Organic Gardening: The Toxic Top 12
Break the toxic cycle by identifying the store-bought fruits and veggies that pose the greatest danger.
Steering clear of the myriad of harmful substances used in the manufacturing and distribution of fruits and vegetables means smartly navigating a minefield of genetically modified and chemically treated goods at the grocery store and even at the farmer’s market. If organic gardening comes to mind every time you stroll down the produce aisle, then growing your own veggie patch might be a good choice for you (see our tips below). Before you shop or sow, be aware of which conventionally grown items are the most pesticide-laden…and which ones are easier to avoid.
The consumer watchdog nonprofit called Environmental Working Group has created a shopper’s guide to pesticides that identifies the “dirty dozen” culprits.
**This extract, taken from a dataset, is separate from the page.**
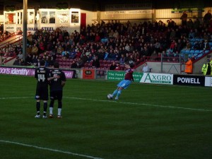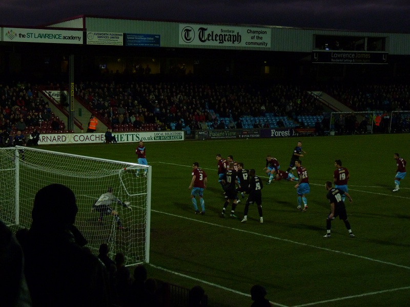 “You are not allowed to use that camera to take photos of the players in motion.”   Now, I have had this pathetic and quite ridiculous rule dictated to me in many ways. However, the ’players in motion’ bit did make me laugh. How pedantic do stewards want to be? From this small encounter with one of my fluorescent friends I concluded that the stewards at Scunthorpe are idiotic… and I wasn’t wrong.

All of the food tested had been grown in the USA, except for the nectarines. Ninety-eight percent of all non-organic apples carried pesticide residue, followed by 96 percent of celery and 91 percent of potatoes. If that’s not enough to make your skin crawl, a 2011 study found 88 different pesticide residues on a single batch of bell peppers. One pepper alone tested positive for 15 different pesticides.
The Dirty Dozen
Sweet bell peppers
Home gardening expert and author Shawna Coronado says, “Organic food is very important for modern day families because more than 400 chemical pesticides are known to be used regularly in traditional farming. Residues from these pesticide chemicals remain even after washing the vegetables with soap and water. Children are particularly vulnerable to this chemical exposure as pesticides are linked to asthma and cancer.”
A (Small) Sigh of Relief
The “clean fifteen” —domestic cantaloupe, grapefruit, kiwi, mango, pineapple, watermelon, asparagus, avocado, cabbage, eggplants, mushrooms, onions, frozen peas, sweet corn and sweet potatoes—fare better. While not organic, each of these items had fewer residues, with 98 percent of avocado, sweet corn and onions carrying no detectable residues. More than 90 percent of cabbage, asparagus, sweet peas, eggplant and sweet potato samples had no more than one pesticide detected.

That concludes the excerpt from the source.